New hashtable library

With the new library(hashtable) and the following code:

hashtable_gen(N) :-
   ht_new(HT),
   forall(  between(1,N,I),
            (  ht_put(HT,I,I)
	    )
   ),
   assertz(hashtable(HT)).

hashtable_lookup(N) :-
   hashtable(HT),
   forall(  between(1,N,I),
            (  ht_get(HT,I,I)
	    )
   ).

hashtable_cleanup(N) :-
   hashtable(HT),
   forall(  between(1,N,I),
            (  ht_del(HT,I,I)
	    )
   ),
   retractall(hashtable(_)).

I get the following error:

1 ?- hashtable_gen(100).
true.

2 ?- hashtable_lookup(100).
ERROR: Arithmetic: evaluation error: `zero_divisor'
ERROR: In:
ERROR:   [12] _62620 is 8085836 mod 0
ERROR:   [11] hashtable:ht_get(ht(0,0,[](_62674)),1,1) at /home/u/tmp/swipl-devel/build.release/home/library/hashtable.pl:264
ERROR:   [10] hashtable_lookup(100) at /home/u/bld/prolog/tmp/db_bench.pl:170
ERROR:    [9] <user>
3 ?- hashtable_cleanup(100).
false.

4 ?- 

Also, how do you delete the entire hashtable? We have a predicate for deleting keys (ht_del/3), but how do we delete the entire hashtable?

I was planning to look at this library more carefully, but now in a hurry:

I don’t think you should be using forall/2 for this. This is a backtrackable data structure?

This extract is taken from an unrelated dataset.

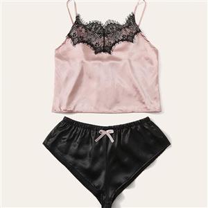 Sexy Soft Satin Lace Trim Camisole and Panty Lingerie Set N20091

So, if you use ht_pairs/2 instead:

:- use_module(library(hashtable)).

:- dynamic hashtable/1.

hashtable_gen(N) :-
    numlist(1, N, Xs),
    pairs_keys_values(Pairs, Xs, Xs),
    ht_pairs(HT, Pairs),
    assertz(hashtable(HT)).

hashtable_lookup(N) :-
    hashtable(HT),
    forall(between(1, N, X),
           ht_get(HT, X, X)).

and now:

?- hashtable_gen(100).
true.

?- hashtable_lookup(100).
true.

But I don’t like this code either, because I don’t see a good reason to “save” the hashtable like this.

Also, why “clean” the hashtable yourself? Just throw it away and make a new one seems easy enough? (SWI-Prolog is garbage collected, right?)

If you have saved it like you did, I think the retractall/2 should be good enough to get rid of it.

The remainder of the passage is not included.